Data records:
○ ○ ○
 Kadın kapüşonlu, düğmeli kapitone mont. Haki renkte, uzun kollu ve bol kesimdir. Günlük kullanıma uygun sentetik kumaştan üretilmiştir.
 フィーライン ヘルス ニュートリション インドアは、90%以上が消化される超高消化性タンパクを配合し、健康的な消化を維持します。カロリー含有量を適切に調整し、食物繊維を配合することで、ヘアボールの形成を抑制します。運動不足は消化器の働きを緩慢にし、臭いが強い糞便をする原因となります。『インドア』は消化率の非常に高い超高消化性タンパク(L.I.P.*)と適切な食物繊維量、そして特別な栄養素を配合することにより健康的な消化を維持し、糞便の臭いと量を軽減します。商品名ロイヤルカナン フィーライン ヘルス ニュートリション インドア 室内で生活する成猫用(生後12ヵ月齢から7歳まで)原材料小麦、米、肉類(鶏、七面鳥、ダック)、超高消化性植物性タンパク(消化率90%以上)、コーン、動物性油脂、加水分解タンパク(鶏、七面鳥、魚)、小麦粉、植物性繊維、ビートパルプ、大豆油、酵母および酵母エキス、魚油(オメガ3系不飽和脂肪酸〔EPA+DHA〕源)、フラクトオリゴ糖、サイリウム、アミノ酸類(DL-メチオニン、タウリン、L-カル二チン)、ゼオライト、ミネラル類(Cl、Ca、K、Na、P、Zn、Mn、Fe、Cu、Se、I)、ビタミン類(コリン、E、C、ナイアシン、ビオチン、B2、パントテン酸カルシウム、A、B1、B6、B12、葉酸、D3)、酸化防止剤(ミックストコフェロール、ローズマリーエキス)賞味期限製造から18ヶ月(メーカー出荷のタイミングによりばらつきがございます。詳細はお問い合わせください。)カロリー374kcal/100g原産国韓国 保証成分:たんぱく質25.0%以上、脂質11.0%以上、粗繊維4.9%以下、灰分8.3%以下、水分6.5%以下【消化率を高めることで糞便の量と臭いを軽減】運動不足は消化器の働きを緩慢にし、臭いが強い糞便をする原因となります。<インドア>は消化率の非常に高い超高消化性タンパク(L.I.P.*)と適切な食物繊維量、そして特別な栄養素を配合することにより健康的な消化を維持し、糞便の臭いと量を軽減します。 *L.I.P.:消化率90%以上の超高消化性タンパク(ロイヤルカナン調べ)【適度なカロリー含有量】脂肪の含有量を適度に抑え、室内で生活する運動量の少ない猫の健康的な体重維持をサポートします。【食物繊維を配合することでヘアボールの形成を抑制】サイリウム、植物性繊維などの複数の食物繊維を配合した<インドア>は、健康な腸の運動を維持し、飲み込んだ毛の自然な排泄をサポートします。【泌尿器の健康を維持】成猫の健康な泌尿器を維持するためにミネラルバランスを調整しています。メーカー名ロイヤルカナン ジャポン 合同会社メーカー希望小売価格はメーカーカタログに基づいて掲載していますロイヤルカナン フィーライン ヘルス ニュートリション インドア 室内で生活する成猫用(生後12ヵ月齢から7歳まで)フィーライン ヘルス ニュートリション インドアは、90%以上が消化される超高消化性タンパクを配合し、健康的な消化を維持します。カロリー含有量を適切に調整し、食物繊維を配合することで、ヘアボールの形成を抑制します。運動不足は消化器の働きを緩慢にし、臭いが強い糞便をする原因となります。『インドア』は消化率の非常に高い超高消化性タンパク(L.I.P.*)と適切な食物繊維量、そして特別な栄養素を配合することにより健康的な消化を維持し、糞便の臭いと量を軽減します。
○ ○ ○
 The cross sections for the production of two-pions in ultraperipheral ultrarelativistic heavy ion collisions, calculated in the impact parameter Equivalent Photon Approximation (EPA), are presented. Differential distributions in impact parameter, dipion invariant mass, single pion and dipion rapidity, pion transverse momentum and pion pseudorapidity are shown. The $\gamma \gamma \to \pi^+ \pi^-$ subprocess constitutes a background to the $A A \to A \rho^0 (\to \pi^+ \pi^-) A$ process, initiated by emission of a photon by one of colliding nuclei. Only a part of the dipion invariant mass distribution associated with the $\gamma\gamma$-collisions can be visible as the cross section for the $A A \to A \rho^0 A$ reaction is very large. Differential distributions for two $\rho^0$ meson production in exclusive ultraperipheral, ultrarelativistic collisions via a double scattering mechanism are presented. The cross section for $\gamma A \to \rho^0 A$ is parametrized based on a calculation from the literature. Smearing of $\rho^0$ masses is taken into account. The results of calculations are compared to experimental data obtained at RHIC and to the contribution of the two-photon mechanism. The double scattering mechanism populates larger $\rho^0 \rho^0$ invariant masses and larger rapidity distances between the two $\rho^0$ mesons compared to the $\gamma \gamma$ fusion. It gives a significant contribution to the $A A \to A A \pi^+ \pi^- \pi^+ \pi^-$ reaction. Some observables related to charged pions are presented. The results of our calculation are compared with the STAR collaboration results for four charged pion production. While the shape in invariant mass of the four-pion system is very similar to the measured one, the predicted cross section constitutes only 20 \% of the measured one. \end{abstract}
○ ○ ○
The task:
Return word for word the lines above from the line with "Kadın kapüşonlu, düğmeli" to the line with "ジャポン 合同会社メーカー希望小売価格はメーカーカタログに基づいて掲載していますロイヤルカナン フィーライン", including both and leaving out all others.

Response area:
 Kadın kapüşonlu, düğmeli kapitone mont. Haki renkte, uzun kollu ve bol kesimdir. Günlük kullanıma uygun sentetik kumaştan üretilmiştir.
 フィーライン ヘルス ニュートリション インドアは、90%以上が消化される超高消化性タンパクを配合し、健康的な消化を維持します。カロリー含有量を適切に調整し、食物繊維を配合することで、ヘアボールの形成を抑制します。運動不足は消化器の働きを緩慢にし、臭いが強い糞便をする原因となります。『インドア』は消化率の非常に高い超高消化性タンパク(L.I.P.*)と適切な食物繊維量、そして特別な栄養素を配合することにより健康的な消化を維持し、糞便の臭いと量を軽減します。商品名ロイヤルカナン フィーライン ヘルス ニュートリション インドア 室内で生活する成猫用(生後12ヵ月齢から7歳まで)原材料小麦、米、肉類(鶏、七面鳥、ダック)、超高消化性植物性タンパク(消化率90%以上)、コーン、動物性油脂、加水分解タンパク(鶏、七面鳥、魚)、小麦粉、植物性繊維、ビートパルプ、大豆油、酵母および酵母エキス、魚油(オメガ3系不飽和脂肪酸〔EPA+DHA〕源)、フラクトオリゴ糖、サイリウム、アミノ酸類(DL-メチオニン、タウリン、L-カル二チン)、ゼオライト、ミネラル類(Cl、Ca、K、Na、P、Zn、Mn、Fe、Cu、Se、I)、ビタミン類(コリン、E、C、ナイアシン、ビオチン、B2、パントテン酸カルシウム、A、B1、B6、B12、葉酸、D3)、酸化防止剤(ミックストコフェロール、ローズマリーエキス)賞味期限製造から18ヶ月(メーカー出荷のタイミングによりばらつきがございます。詳細はお問い合わせください。)カロリー374kcal/100g原産国韓国 保証成分:たんぱく質25.0%以上、脂質11.0%以上、粗繊維4.9%以下、灰分8.3%以下、水分6.5%以下【消化率を高めることで糞便の量と臭いを軽減】運動不足は消化器の働きを緩慢にし、臭いが強い糞便をする原因となります。<インドア>は消化率の非常に高い超高消化性タンパク(L.I.P.*)と適切な食物繊維量、そして特別な栄養素を配合することにより健康的な消化を維持し、糞便の臭いと量を軽減します。 *L.I.P.:消化率90%以上の超高消化性タンパク(ロイヤルカナン調べ)【適度なカロリー含有量】脂肪の含有量を適度に抑え、室内で生活する運動量の少ない猫の健康的な体重維持をサポートします。【食物繊維を配合することでヘアボールの形成を抑制】サイリウム、植物性繊維などの複数の食物繊維を配合した<インドア>は、健康な腸の運動を維持し、飲み込んだ毛の自然な排泄をサポートします。【泌尿器の健康を維持】成猫の健康な泌尿器を維持するためにミネラルバランスを調整しています。メーカー名ロイヤルカナン ジャポン 合同会社メーカー希望小売価格はメーカーカタログに基づいて掲載していますロイヤルカナン フィーライン ヘルス ニュートリション インドア 室内で生活する成猫用(生後12ヵ月齢から7歳まで)フィーライン ヘルス ニュートリション インドアは、90%以上が消化される超高消化性タンパクを配合し、健康的な消化を維持します。カロリー含有量を適切に調整し、食物繊維を配合することで、ヘアボールの形成を抑制します。運動不足は消化器の働きを緩慢にし、臭いが強い糞便をする原因となります。『インドア』は消化率の非常に高い超高消化性タンパク(L.I.P.*)と適切な食物繊維量、そして特別な栄養素を配合することにより健康的な消化を維持し、糞便の臭いと量を軽減します。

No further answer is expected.